1. PyPA
  2. Python Packaging Authority Projects
  3. setuptools

Pull requests

#20 Declined
Repository
saschpe
Branch
default-wininst-encoding
Repository
pypa
Branch
default

Always decode distfile as UTF-8 in extract_wininst_cfg. UTF-8 is a strict

Author
  1. Sascha Peilicke
Reviewers
Description
No description
  • Learn about pull requests

Comments (5)

  1. Jason R. Coombs

    Hi Sascha. Thanks for the pull request.

    The original code obviously indicates doubt about the proper encoding of the content. However, this pull request indicates changing the encoding without any justification. I want to be careful to make sure if changing the implementation that it is as correct as possible.

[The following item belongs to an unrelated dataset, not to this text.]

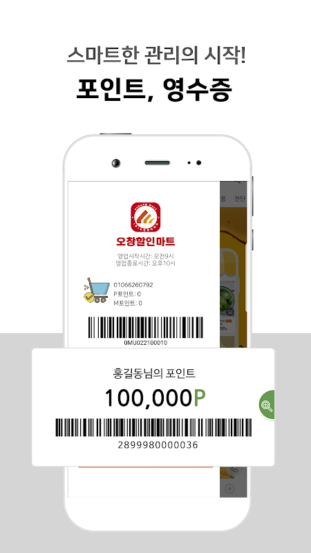 - 오창할인마트의 포인트 카드를 모바일로 편리하게 이용하시고, 언제 어디서든 포인트를 확인하실 수 있습니다.

    It looks like your title starts to provide one with "UTF-8 is a strict...". Do you have a reference that indicates that bdist_wininst will always generate UTF-8-encoded content? Do you have any other reason to believe UTF-8 should be preferred? Do you have an example package where you encountered this error?

    I believe this failure warrants a bug report and unit test. Would you be willing to draft one of each for this issue and attempt to answer my questions in the ticket?

  2. Sascha Peilicke author

    "The original code obviously indicates doubt about the proper encoding of the content. However, this pull request indicates changing the encoding without any justification. I want to be careful to make sure if changing the implementation that it is as correct as possible."

    The current code simply fails when the config contains Unicode, as expressed in the commit message. Isn't that justification enough? ;-) I didn't bother writing a test before because the current set of tests is rather useless. But sure, I'll add a test-case.

    "It looks like your title starts to provide one with "UTF-8 is a strict...". Do you have a reference that indicates that bdist_wininst will always generate UTF-8-encoded content?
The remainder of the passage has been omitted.